Test this version, updated using C++11 features. Tested in GCC 4.9.0 with -std=c++11. Tested on Celeron 1.6 GHz, 512 MB RAM.

Times in my PC:
Original: Duration (milliseconds): 12658
First Version: Duration (milliseconds): 3616
Optimized Version: Duration (milliseconds): 1745

Changes are:

  • Using vector instead of list Benchmark, and Words from Stroustrup.
  • Using const whatever we can, the compiler is able to optimize much more if it known that the value don't change.
  • Using std::pair instead of Point.
  • Using new for-loop with constant iterators.

Source:

#include <iostream>
#include <vector>
#include <chrono>
#include <iomanip>

using namespace std;

typedef std::pair<int, int> Point;

#define LARGEUR_GRILLE 22
vector<Point> positions;

bool verifierNonPrise(const Point& emplacement) {
    bool nonPrise = true;
    for (const auto& p : positions) {
        if (p.first != emplacement.first) {
            if (p.second == emplacement.second) {
                nonPrise = false;
            }
            if (abs(p.second - emplacement.second) ==
                abs(p.first - emplacement.first)) {
                nonPrise = false;
            }
        }
    }

    return nonPrise;
}

bool placerDame(int i) {
    bool bonnePosition = false;
    for (int j = 1; j <= LARGEUR_GRILLE && !bonnePosition; j++) {
        Point emplacement(i, j);
        positions.emplace_back(emplacement);
        if (verifierNonPrise(emplacement) &&
            (i == LARGEUR_GRILLE || placerDame(i + 1))) {
            bonnePosition = true;
        } else {
            positions.pop_back();
        }
    }

    return bonnePosition;
}

int main(int argc, char* argv[]) {
    std::chrono::system_clock::time_point begin_time =
        std::chrono::system_clock::now();

    positions.reserve(LARGEUR_GRILLE);

    placerDame(1);
    for (const auto& p : positions) {
        cout << "(" << p.first << "; " << p.second << ")" << endl;
    }

    std::chrono::system_clock::time_point end_time =
        std::chrono::system_clock::now();
    long long elapsed_milliseconds =
        std::chrono::duration_cast<std::chrono::milliseconds>(
            end_time - begin_time).count();
    std::cout << "Duration (milliseconds): " << elapsed_milliseconds
              << std::endl;

    return 0;
}

Some more deep changes.

Changes include:

  • Returning as early as possible. As soon as the queen can not be placed.
  • Returning to a simpler Point class.
  • Using find_if algorithm for searching queen placement.
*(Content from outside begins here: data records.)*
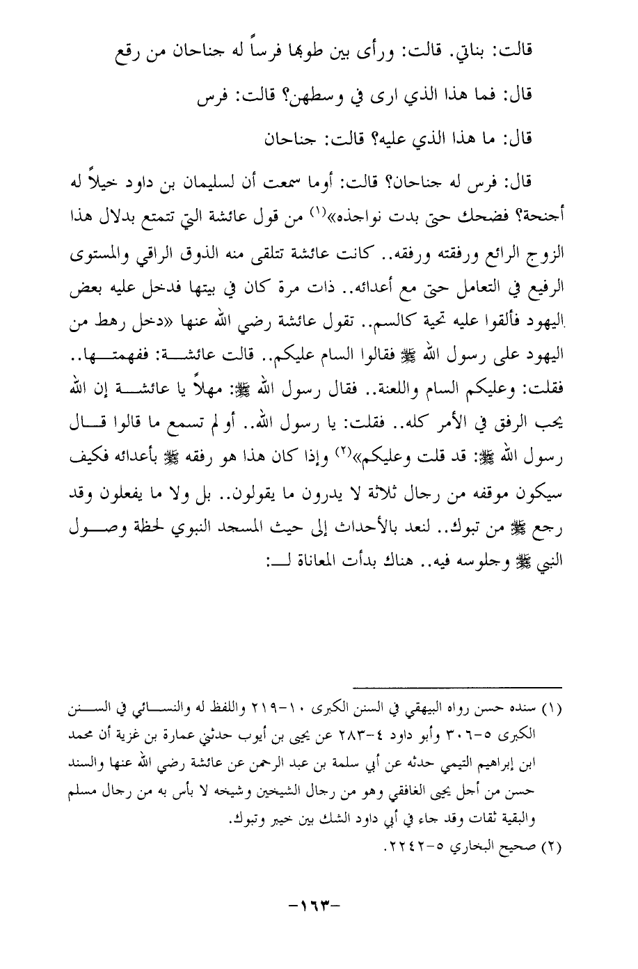 قال: فرس له جناحان؟ قالت: أوما سمعت أن لسليمان بن داود خيلًا له أجنحة؟ فضحك حتى بدت نواجده" (¬1) من قول عائشة إلى تتمتع بدلال هذا الزوج الرائع ورفقته ورفقه .. كانت عائشة تتلقى منه الذوق الراقي والمستوى الرفيع في التعامل حتى مع أعدائه .. ذات مرة كان في بيتها فدخل عليه بعض اليهود فألقوا عليه تحية كالسم .. تقول عائشة رضي الله عنها "دخل رهط من اليهود على رسول الله - صلى الله عليه وسلم - فقالوا السام عليكم .. قالت عائشة: ففهمتها .. فقلت: وعليكم السام واللعنة .. فقال رسول الله - صلى الله عليه وسلم -: مهلًا يا عائشة إن الله يحب الرفق في الأمر كله .. فقلت: يا رسول الله .. أولم تسمع ما قالوا قال رسول الله - صلى الله عليه وسلم -: قد قلت وعليكم" (¬2) وإذا كان هذا هو رفقه - صلى الله عليه وسلم - بأعدائه فكيف سيكون موقفه من رجال ثلاثة لا يدرون ما يقولون .. بل ولا ما يفعلون وقد رجع - صلى الله عليه وسلم - من تبوك .. لنعد بالأحداث إلى حيث المسجد النبوي لحظة وصول النبي - صلى الله عليه وسلم - وجلوسه فيه .. هناك بدأت المعاناة لـ:
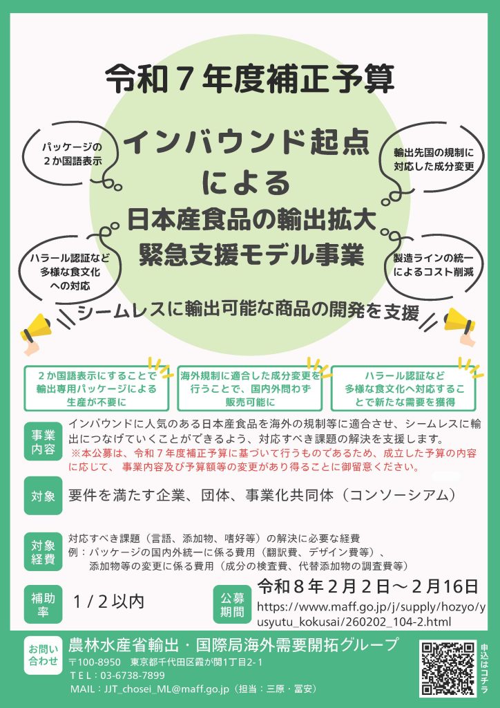 農林水産省「令和7年度インバウンド起点による日本産食品の輸出拡大緊急支援モデル事業の公募について(令和7年度補正予算)」
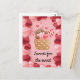 An adorable Valentine postcard with a sweet teddy bear hugging a yummy cupcake. There are hearts all around him, with a romantic pattern of red and pink hearts around the edge of the card. The romantic message reading 'Sweets for the sweet' can be personalised to suit if wished.
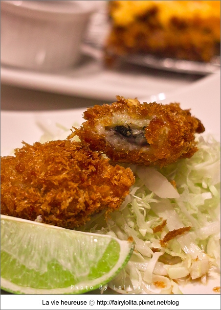 炸牡蠣只有三粒,而且個頭還好小呦!當下還真有些希微的感覺 >< 還好麵衣炸得又酥又脆,牡蠣也還算新鮮,不然一份要價230大洋,如果再難吃的話就當真很囧了!XD
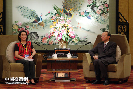 8月20日下午,国家旅游局局长、海峡两岸旅游交流协会会长邵琪伟会见台湾少数民族代表团团长高金素梅一行。(中国台湾网 钟宝华 摄)
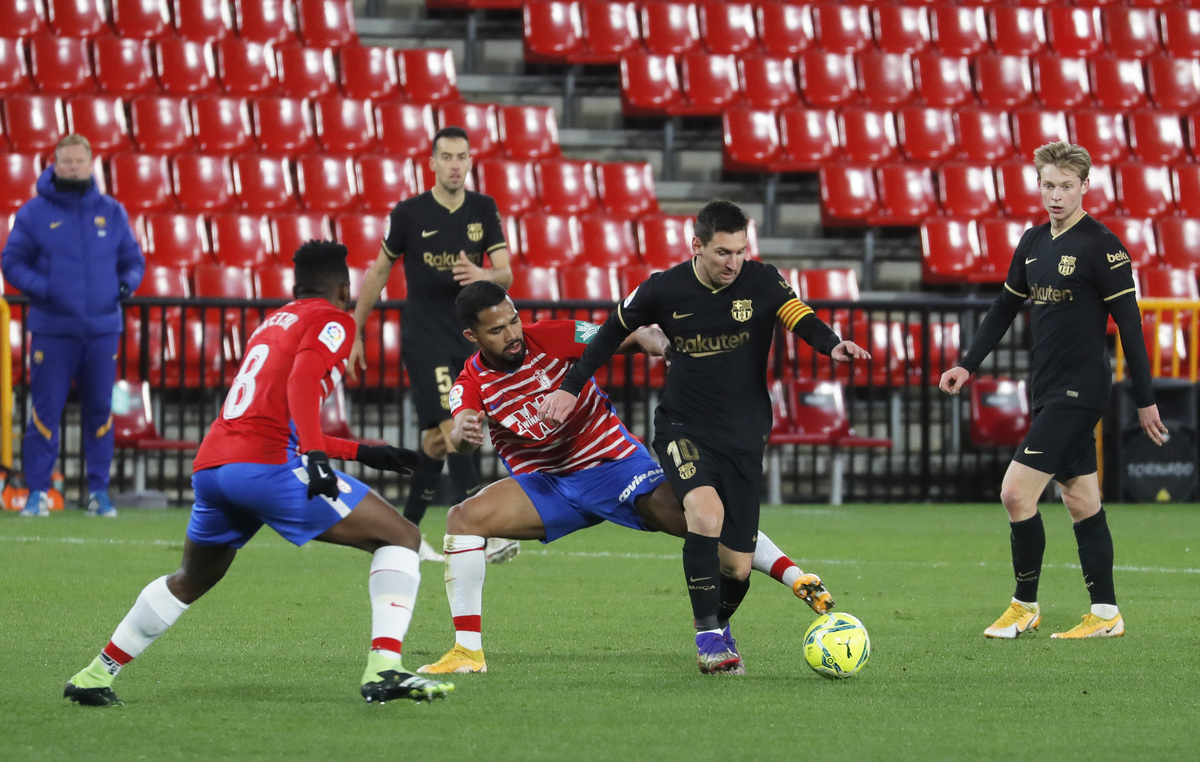 French forward Griezmann scored a classy second goal after halftime while things got worse for Granada when Jesus Vallejo was sent off in the 78th minute for clattering into Barca substitute Martin Braithwaite.
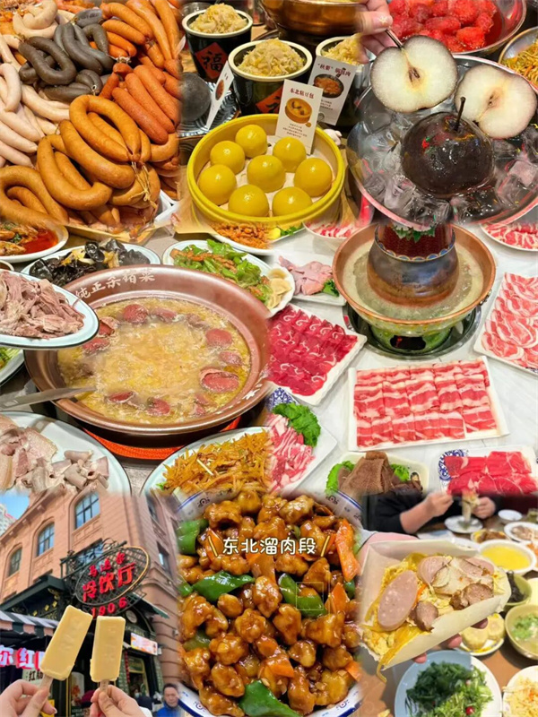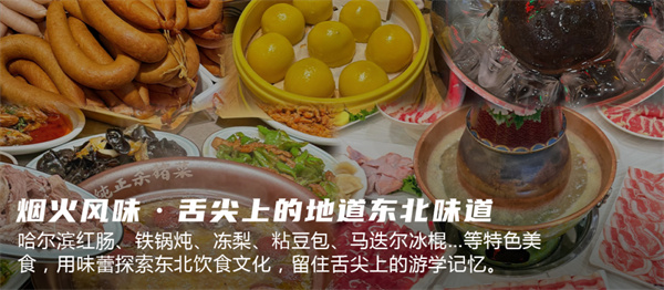 冰城的烟火气息里,藏着最地道的东北味道。咸香烟熏味的哈尔滨红肠、咬下软糯香甜的粘豆包、丰富多汁的冻梨、冰爽奶香的百年马迭尔冰棍、外酥里嫩的溜肉段、鲜香解腻的杀猪菜,用薄如纸的春饼卷、满族火锅、东北铁锅炖……
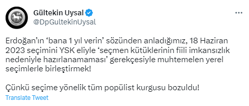 Uysal, Cumhurbaşkanı Erdoğan'ı seçim tarihi üzerinden hedef aldığı mesajında şu ifadeleri kullandı:
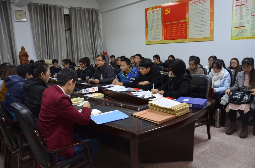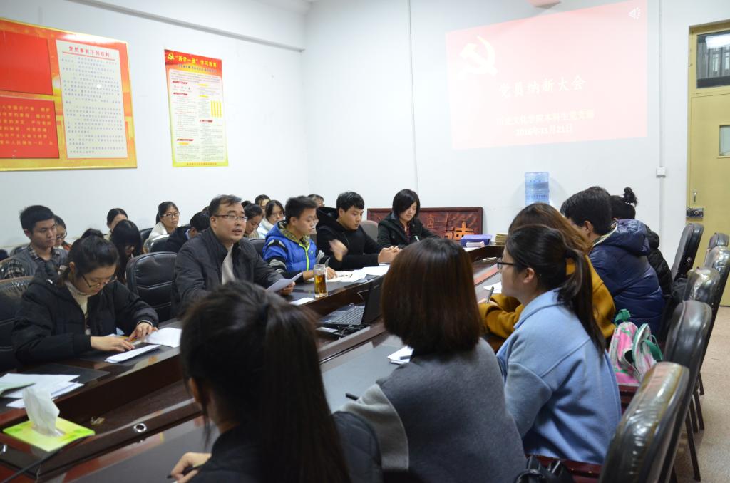 2016年11月21日下午,快猫视频 本科生党支部在会议室召开党员纳新大会以及“两学一做”第三次专题讨论会议。会议由本科生党支部书记王建阳主持,党委副书记王慕东列席。
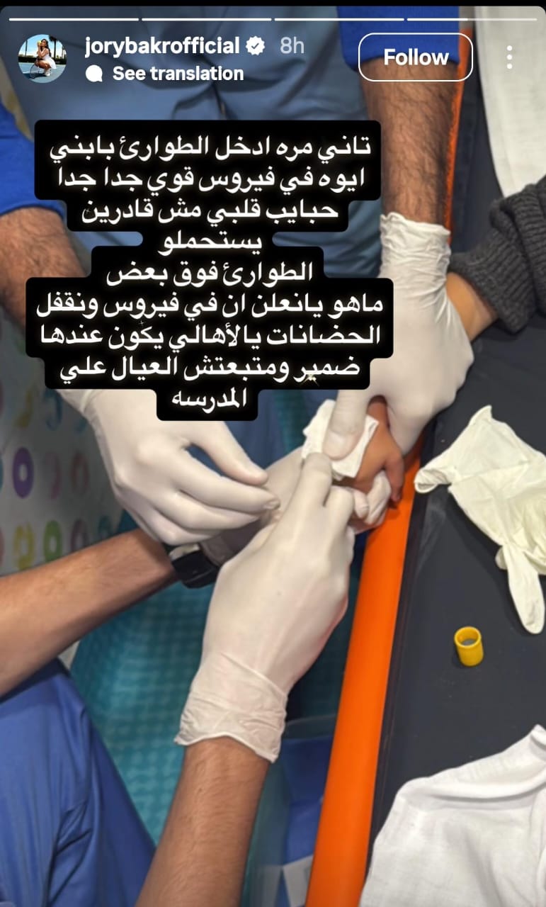 كشفت الفنانة جوري بكر، عن تعرض ابنها لأزمة صحية، ودخل على إثرها الطوارئ لثاني مرة، حيث نشرت جوري عبر خاصية ستوري علي حسابها الرسمي بموقع “إنستجرام”، صورة من تلقي ابنها للعلاج داخل إحدى المستشفيات.
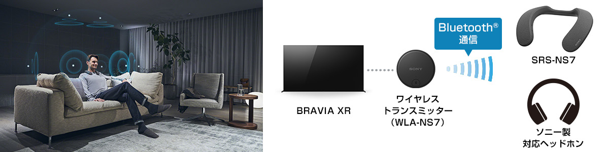 BRAVIA XR(TM)とワイヤレストランスミッター(SRS-NS7同梱)を接続し、SRS-NS7や対応ヘッドホンを接続することで、周りの環境を気にせずに、前後左右を中心とした従来のサラウンド音場に高さ方向の表現力を加えた立体音響で、映像をお楽しみいただけます。
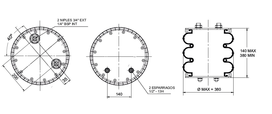 C.DE AIRE TRILOB.Tipo 5 (40º)- C/2 NIPLES DESP. A 200 MM Y DOS ESP. 1/2" DESP. A140 MM
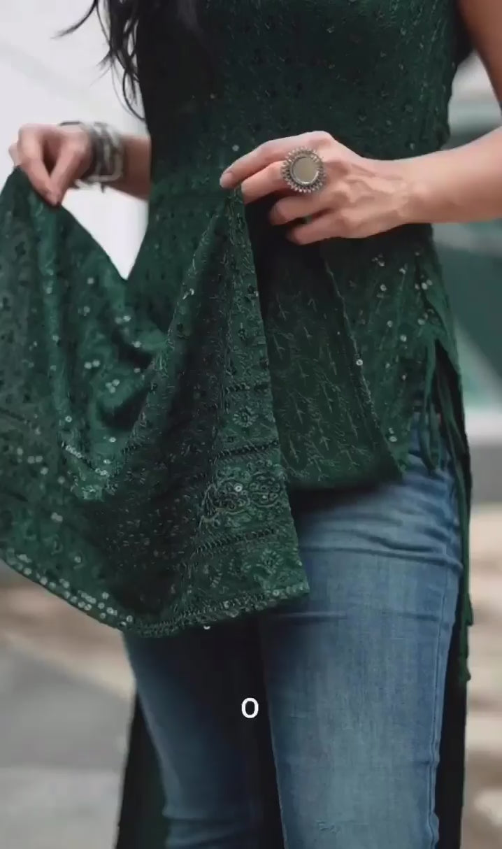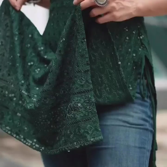Indulge in the luxurious comfort of Our most loved Rajvee’s Emerald Green Sequence Gulnaz Kurta crafted from the finest glace cotton fabric that feels as gentle as a daydream against your skin.
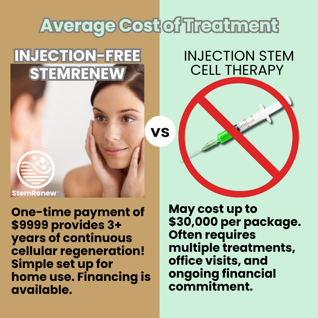 • StemRenew offers a cost-effective way to rejuvenate your body. Say goodbye to expensive therapies! Unlike injections, with a cost of $5,000–$50,000 per session, this system uses a simple four-device setup with a one-time investment and is guaranteed to last at least 3 years!
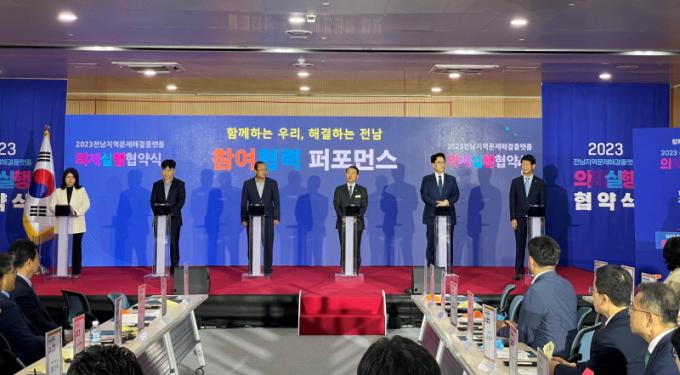 ¹ÚÇö½Ä Àü³²µµ ÀÚÄ¡ÇàÁ¤±¹ÀåÀº ¡°Áö¿ª¼Ò¸ê, ±âÈÄÀ§±â µî ´ç¸é À§±â¸¦ ½½±â·Ó°Ô ÇØ°áÇϱâ À§ÇØ ¹Î¡¤°ü¡¤°øÀÌ ÁöÇý¿Í ÈûÀ» ¸ð¾Æ¾ß ÇÑ´Ù¡±¸ç ¡°Àü³²Áö¿ª¹®Á¦ÇذáÇ÷§ÆûÀÌ ½Ã´ëÀû ¿ä±¸¿¡ ºÎÀÀÇØ Áö¿ªÀÇ Çõ½Å°ú »õ·Î¿î ¼ºÀå Àüȯ ±¹¸éÀ» ´ÙÁöµµ·Ï Àû±Ø Áö¿øÇϰڴ١±°í ¸»Çß´Ù.
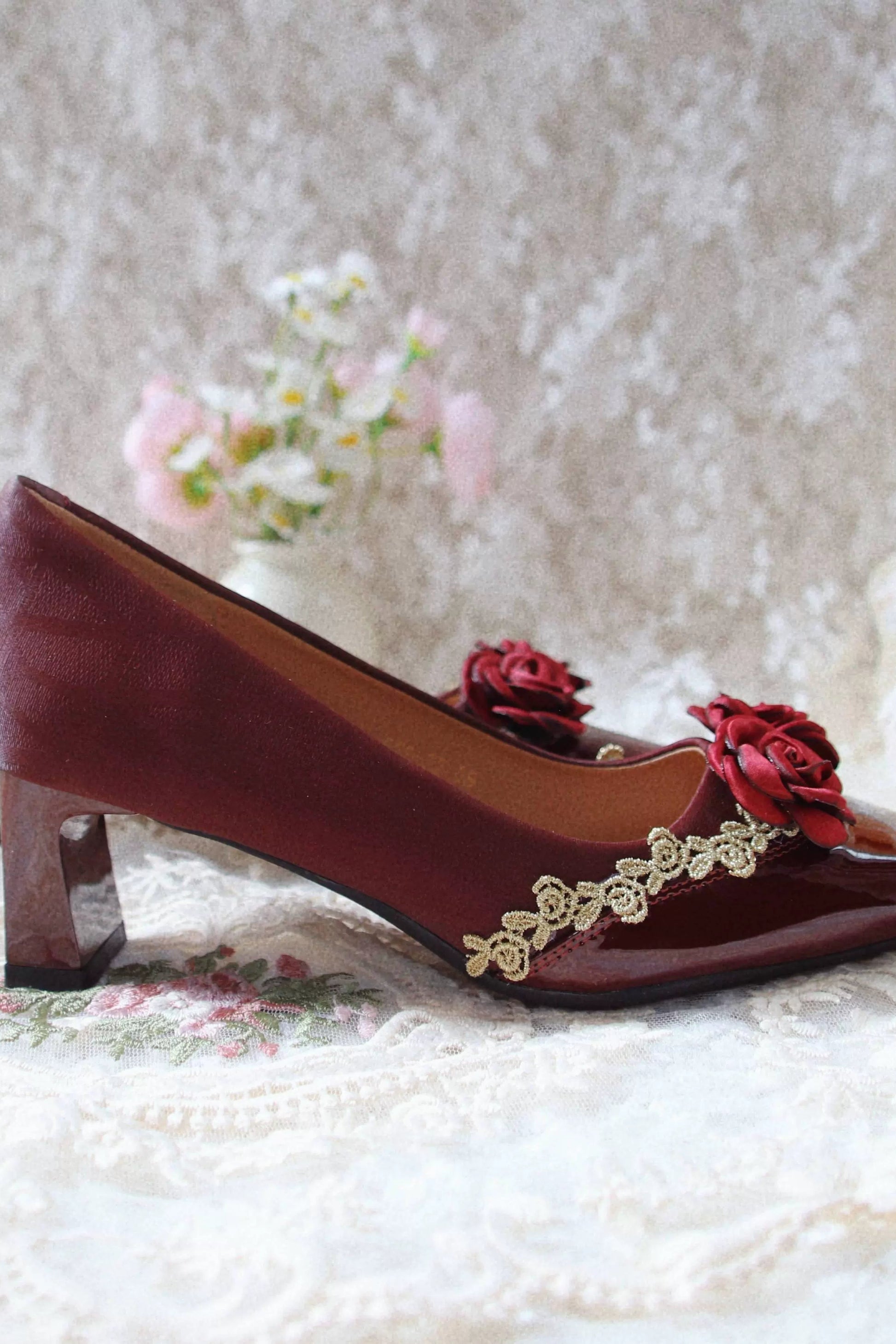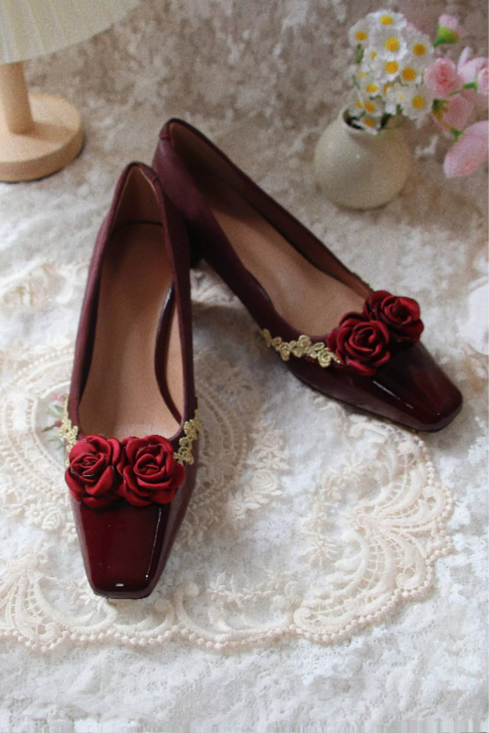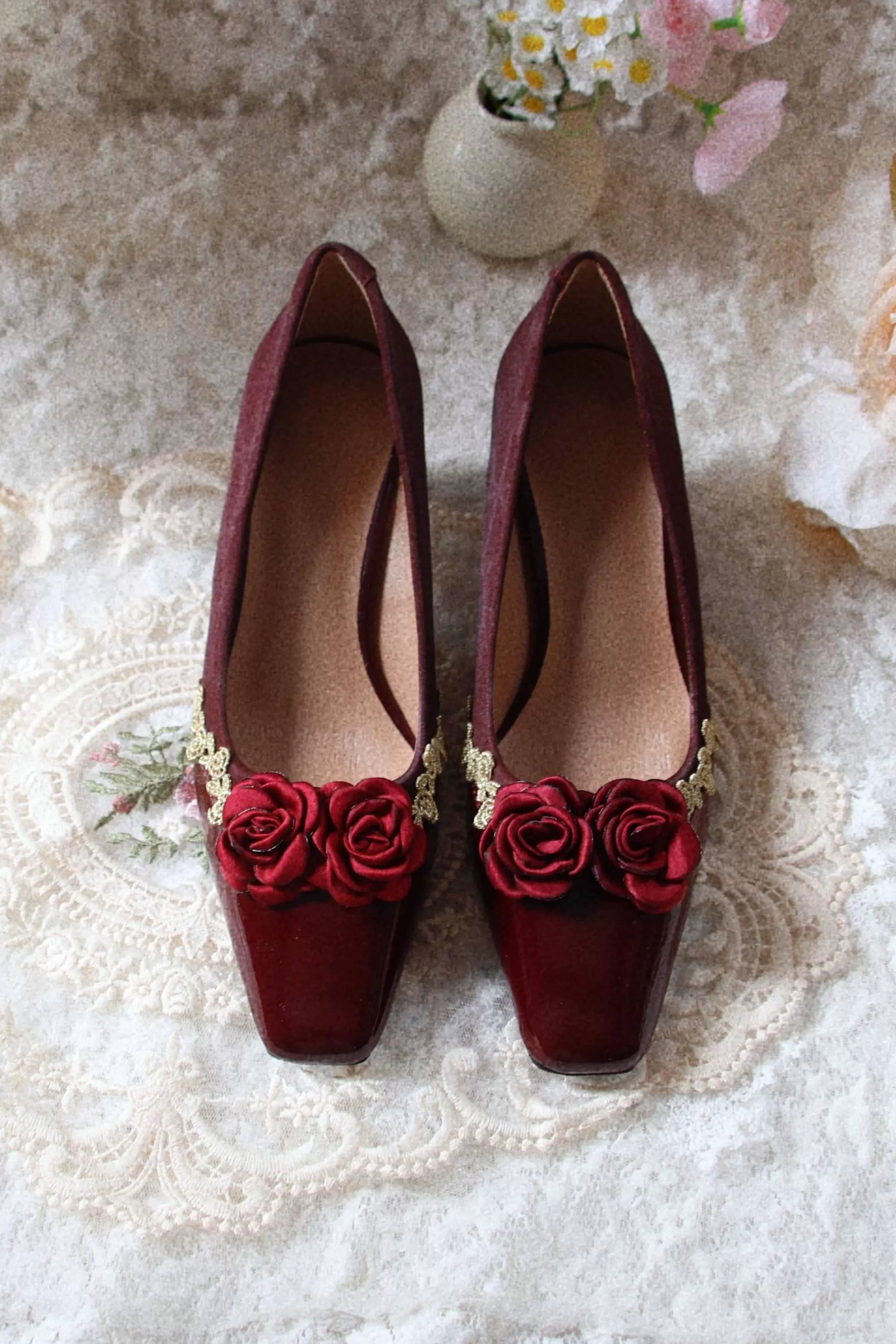 レトロスクエアトゥフレンチレザーステッチフラットヒール
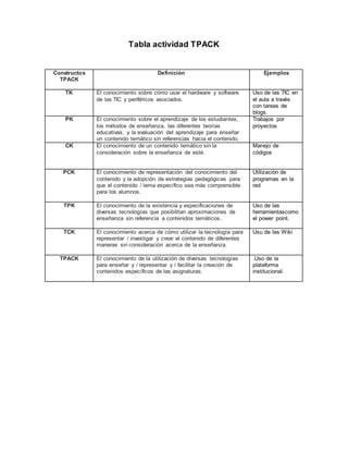 El documento describe los constructos del marco TPACK para la integración de tecnologías en la enseñanza. Define el conocimiento tecnológico (TK), pedagógico (PK), del contenido (CK) y sus intersecciones como conocimiento tecnológico pedagógico (TPK), tecnológico del contenido (TCK) y tecnológico pedagógico del contenido (TPACK), dando ejemplos de cada uno.
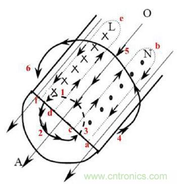 變壓器的鐵損主要由變壓器渦流損耗產(chǎn)生,如圖3所示,給線圈加載高頻電流時(shí),在導(dǎo)體內(nèi)和導(dǎo)體外產(chǎn)生了變化的磁場垂直于電流方向(圖中1→2→3和4→5→6)。根據(jù)電磁感應(yīng)定律,變化的磁場會(huì)在導(dǎo)體內(nèi)部產(chǎn)生感應(yīng)電動(dòng)勢,此電動(dòng)勢在導(dǎo)體內(nèi)整個(gè)長度方向(L面和N面)產(chǎn)生渦流(a→b→c→a和d→e→f→d),則主電流和渦流在導(dǎo)體表面加強(qiáng),電流趨于表面,那么,導(dǎo)線的有效交流截面積減少,導(dǎo)致導(dǎo)體交流電阻(渦流損耗系數(shù))增大,損耗加大。

Source (some recommendation updated):

#include <algorithm>
#include <iostream>
#include <vector>
#include <chrono>
#include <iomanip>

using namespace std;

struct Point {
    int x, y;
};

#define LARGEUR_GRILLE 22
vector<Point> positions;

bool verifierNonPrise(const Point& emplacement) {
    return find_if(positions.cbegin(), positions.cend(), [&emplacement](const Point& p) {
               return (p.x != emplacement.x &&
                       (p.y == emplacement.y ||
                        abs(p.y - emplacement.y) == abs(p.x - emplacement.x)));
           }) == positions.cend();
}

bool placerDame(int i) {
    for (int j = 1; j <= LARGEUR_GRILLE; j++) {
        Point emplacement{i, j};
        positions.push_back(emplacement);
        if (verifierNonPrise(emplacement) &&
            (i == LARGEUR_GRILLE || placerDame(i + 1))) {
            return true;
        } else {
            positions.pop_back();
        }
    }
    return false;
}

int main(int argc, char* argv[]) {
    std::chrono::system_clock::time_point begin_time =
        std::chrono::system_clock::now();

    positions.reserve(LARGEUR_GRILLE);

    placerDame(1);
    for (const auto& p : positions) {
        cout << "(" << p.x << "; " << p.y << ")" << endl;
    }

    std::chrono::system_clock::time_point end_time =
        std::chrono::system_clock::now();
    long long elapsed_milliseconds =
        std::chrono::duration_cast<std::chrono::milliseconds>(
            end_time - begin_time).count();
    std::cout << "Duration (milliseconds): " << elapsed_milliseconds
              << std::endl;

    return 0;
}

Solution 4:

Comparing a managed, dynamically compiled language like Java to a statically compiled language like C++ is very difficult.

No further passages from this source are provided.